What to work on » Without the pictures, output all of the data exactly.

Supplied material »

--- START ---

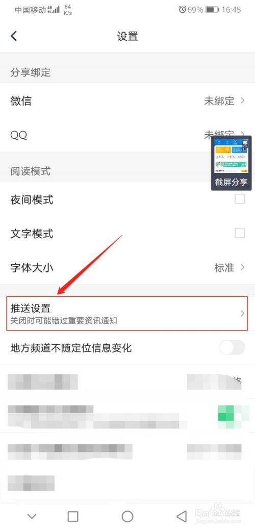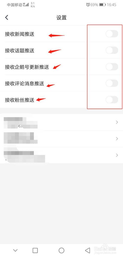 6.点击右侧按钮,打开想要打开的推送项,完成
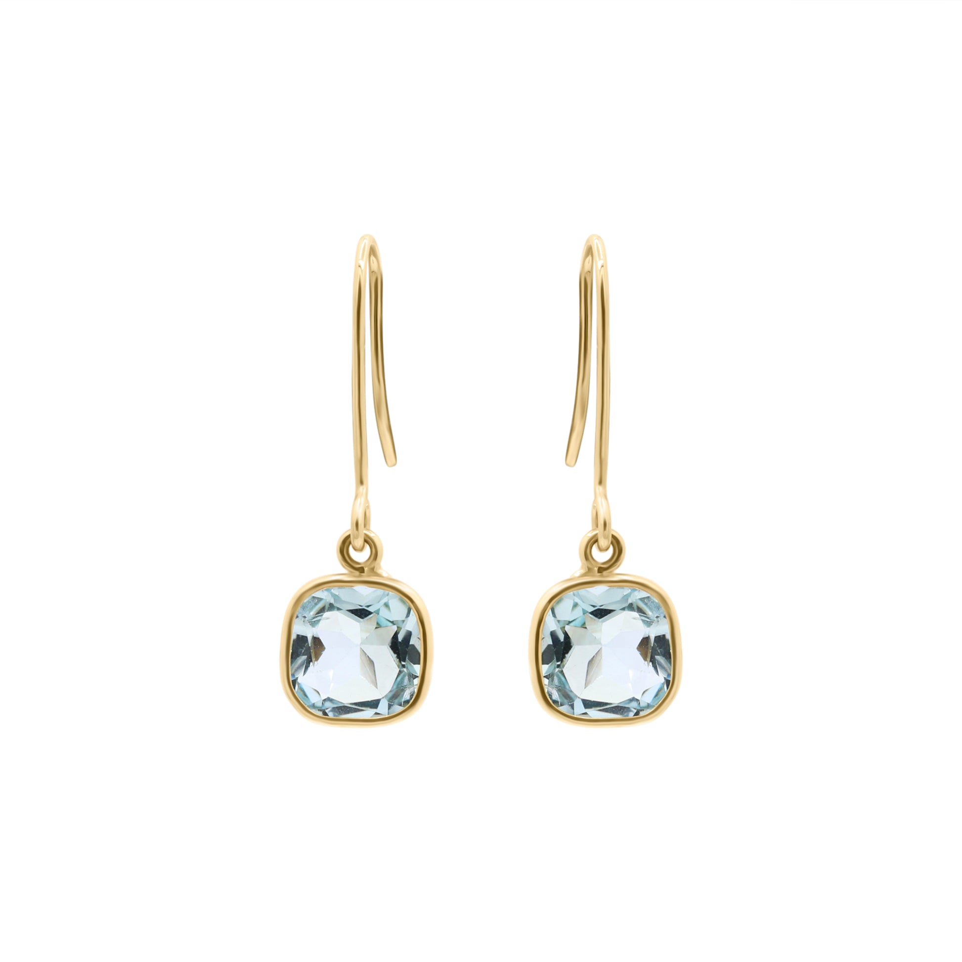 14k Yellow Gold Natural Blue Topaz Gemstone Drop Earrings
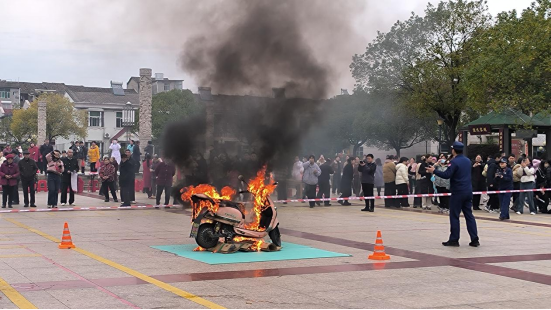 在现场,消防人员对电动车、小太阳等常见物品起火原因进行了详细讲解并进行了火灾模拟实操演练。同时,也向群众讲解了发生火灾时应如何冷静应对、正确报警以及如何扑救初期火灾、使用灭火器等消防安全知识。
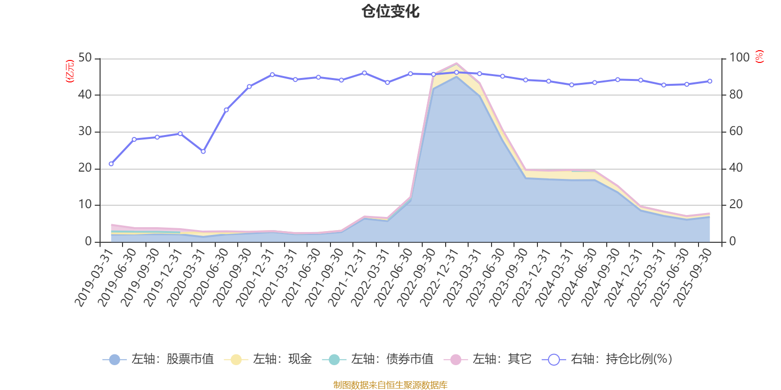 据定期报告数据统计,近三年平均股票仓位为88.24%,同类平均为72.35%。2022年末基金达到92.47%的最高仓位,2019年一季度末最低,为42.6%。
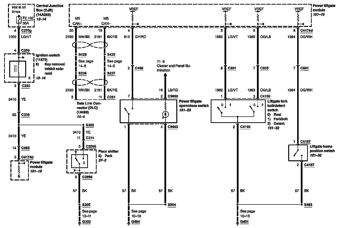 Locations: Location Views (reference numbers starting with 151-) referred to within these diagrams can be found at Component Location Views. Component Location Views

--- END ---

Response »
 6.点击右侧按钮,打开想要打开的推送项,完成
 14k Yellow Gold Natural Blue Topaz Gemstone Drop Earrings
 在现场,消防人员对电动车、小太阳等常见物品起火原因进行了详细讲解并进行了火灾模拟实操演练。同时,也向群众讲解了发生火灾时应如何冷静应对、正确报警以及如何扑救初期火灾、使用灭火器等消防安全知识。
 据定期报告数据统计,近三年平均股票仓位为88.24%,同类平均为72.35%。2022年末基金达到92.47%的最高仓位,2019年一季度末最低,为42.6%。
 Locations: Location Views (reference numbers starting with 151-) referred to within these diagrams can be found at Component Location Views. Component Location Views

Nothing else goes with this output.